INTERNET  Discussion about MP3 on Capitol Hill

Supporters and opponents of MP3 discussed the problems of digital music technology last week on Capitol Hill.Representatives of emusic.com and the Recording Industry Association of America described...

Supporters and opponents of MP3 discussed the problems of digital music technology last week on Capitol Hill.

Representatives of emusic.com and the Recording Industry Association of America described digital music technology to the 120-person audience and spent 90 minutes lobbing criticisms at each other.

The US Congress is not considering any legislation dealing in any way with digital music standards - either MP3 or SDMI - and neither side is asking the legislature to intervene.

A representative of The Forum on Technology and Innovation said it organized the briefing in response to frequent questions from congressional aides about what MP3 was.

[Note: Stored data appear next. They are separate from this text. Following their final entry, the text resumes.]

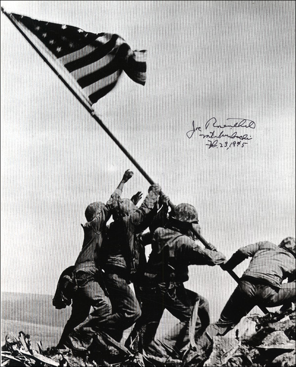 Photographer best known for his famous shot of five Marines raising the flag on Iwo Jima. Famous 10 x 12.75 reproduction copy of the flag raising on Mount Suribachi after the battle of Iwo Jima, signed in black felt tip, 'Joe Rosenthal, Mt. Suribachi, February 23, 1945.' In fine condition. Uncommon in this size. Accompanied by an unsigned typescript copy of the story of the photograph, as told by Rosenthal, titled The Picture That Will Live Forever. RRAuction COA.
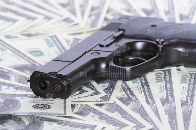 Черный автоматический пистолет на фоне долларов
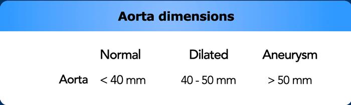 Tuy nhiên, có tính đến các sai số nêu trên, điều quan trọng là không được bỏ sót một động mạch chủ giãn đáng kể vì có nguy cơ vỡ tăng cao, đặc biệt ở những bệnh nhân có kích thước động mạch chủ đoạn gần vượt quá 55 mm.
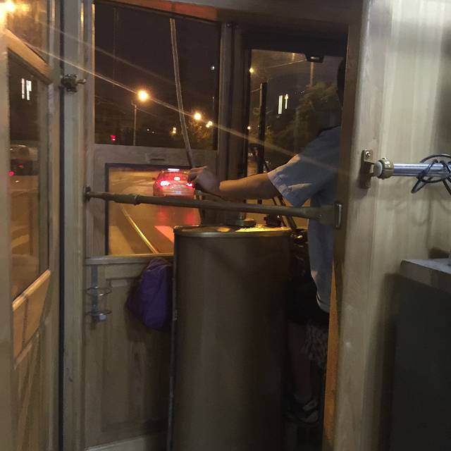 司机是个年轻小伙子,熟练的驾驶着有轨电车,方向盘是个能转的把手
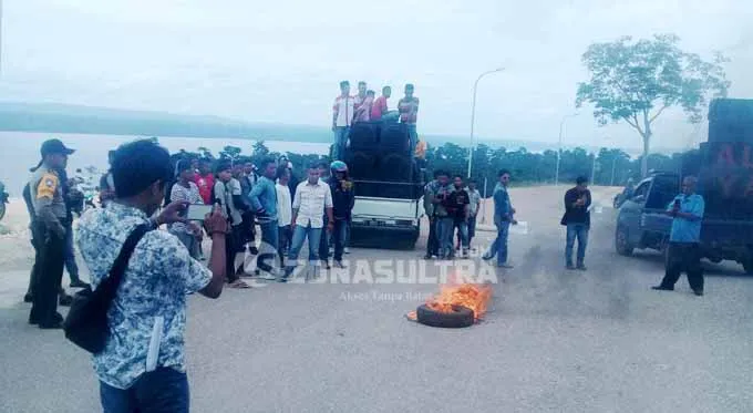DEMO - Terlihat puluhan para demonstran saat melakukan aksi dihadapan kantor Bupati Buton, sambil membakar ban sebagai tanda kekesalan mereka terhadap birokrasi yang ada saat ini, Senin (22/1/2018). (NANANG SUPARMAN/ZONASULTRA.COM)
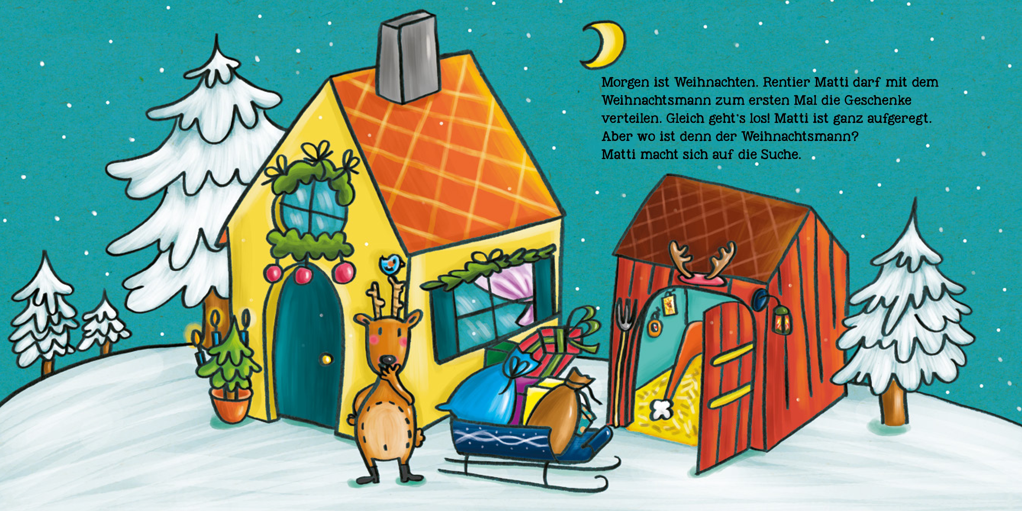 Ein kleines Rentier zum Verlieben. Rentier Matti ist sehr aufgeregt: Zum ersten Mal darf er mit dem Weihnachtsmann die Geschenke verteilen. Aber, wo ist der Weihnachtsmann? Matti sucht bei den Hasen, die gerade Plätzchen backen, beim Bären und bei den bastelnden Eichhörnchen. Der Weihnachtsmann ist nirgends zu sehen. Traurig läuft Matti zurück zum Rentierstall. Oh, wer wartet da? Der Weihnachtsmann! Mit einem kleinen Geschenk steht er vor einem erleuchteten Weihnachtsbaum im Rentierstall. Jetzt muss Weihnachten doch nicht ausfallen. Warmherzig geschrieben und modern illustriert führt diese Geschichte die Jüngsten an Weihnachtsrituale heran.
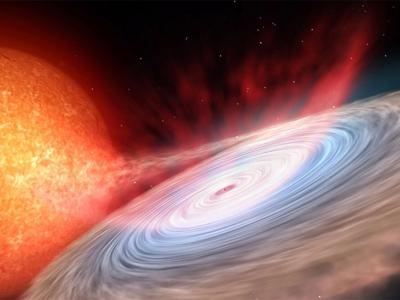 一位艺术家关于双星对的概念,其中一颗较小的恒星向中子星输送物质。中子星中的扰动...

Robert Kohn, chairman of MP3 distributor emusic.com, spent most of his time slamming technologies that restrict the redistribution of audio files. He singled out SDMI, saying it was a pain to use and promised to be as big a flop as Divx, the pay-per-use digital video disc format that failed earlier this year.

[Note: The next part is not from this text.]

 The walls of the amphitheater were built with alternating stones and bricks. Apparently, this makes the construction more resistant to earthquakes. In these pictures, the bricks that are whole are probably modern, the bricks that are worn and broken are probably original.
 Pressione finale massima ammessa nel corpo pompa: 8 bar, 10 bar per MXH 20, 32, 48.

Hilary Rosen, president of the Recording Industry Association of America, said that SDMI was needed "to prevent the upload onto the Internet" of pirated songs. MP3, on the other hand, isn't up to snuff technologically, she said. "The sound quality isn't as good as it should be."

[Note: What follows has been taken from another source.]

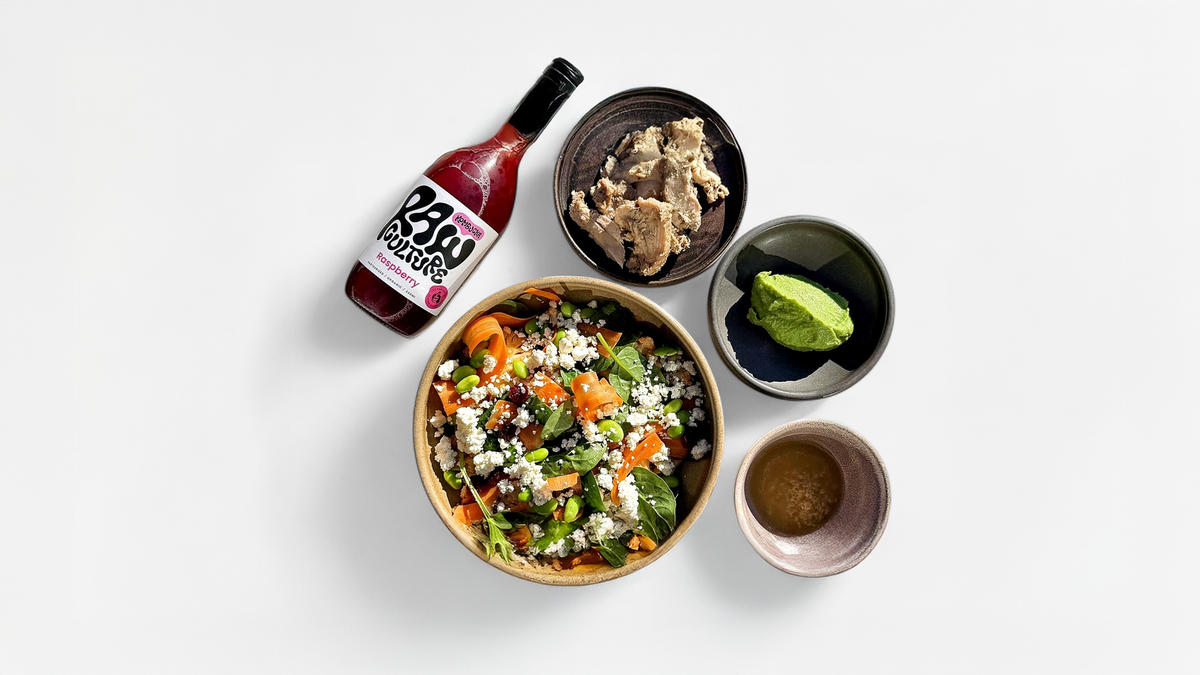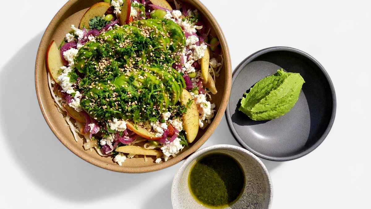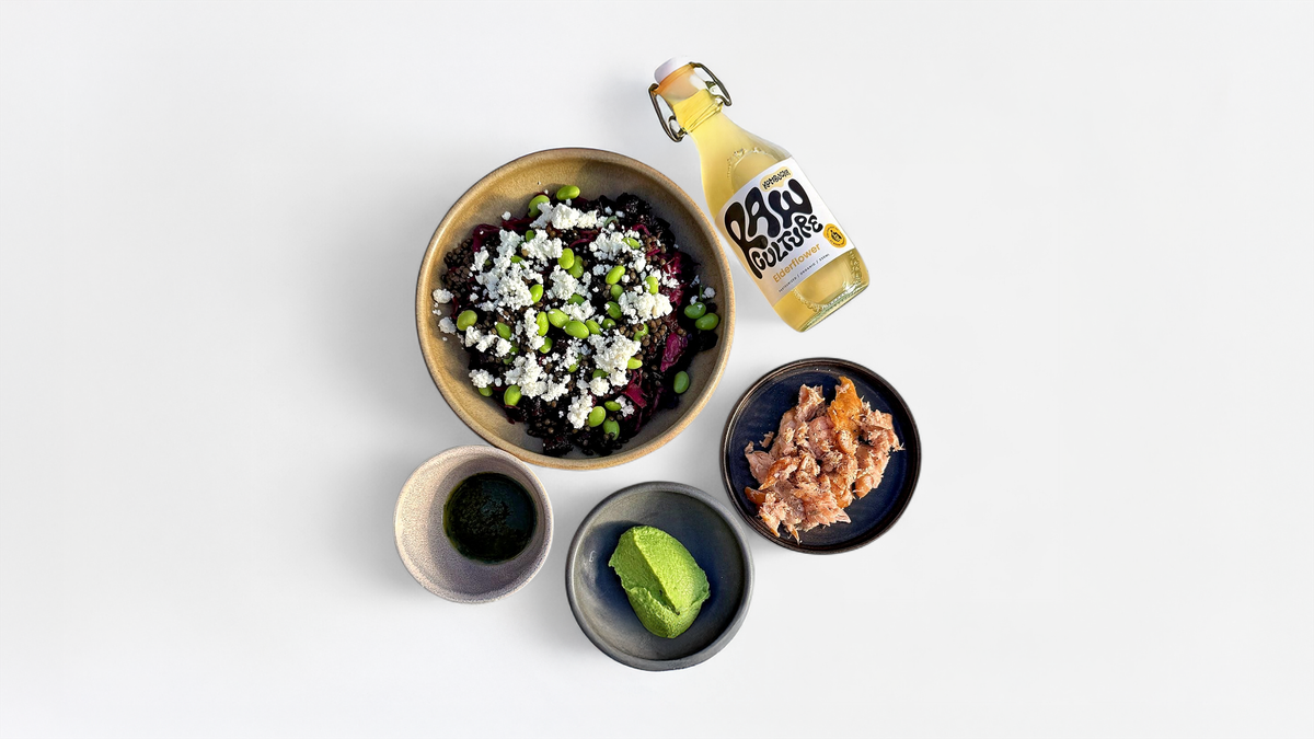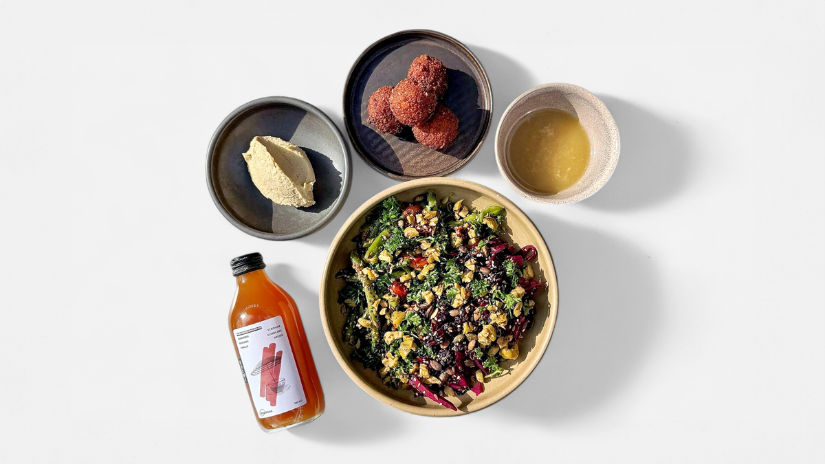 Citronmarineret rødkål, bagte rødbeder, sort sesam, edamame, hvid ost og belugalinser. Valgfri protein, dressing og creme. Serveret med brød og valgfri drikkevare.

RIAA launched the Secure Digital Music Initiative late last year to combat digital music piracy. Music publishers use SDMI-compliant devices to encode limits on content that restrict customers from copying or redistributing songs they have purchased. As Rosen told senators Wednesday, "The record industry is not afraid of the Internet. We are not afraid of piracy. And I don't think the MP3 phenomenon has been a terrible thing."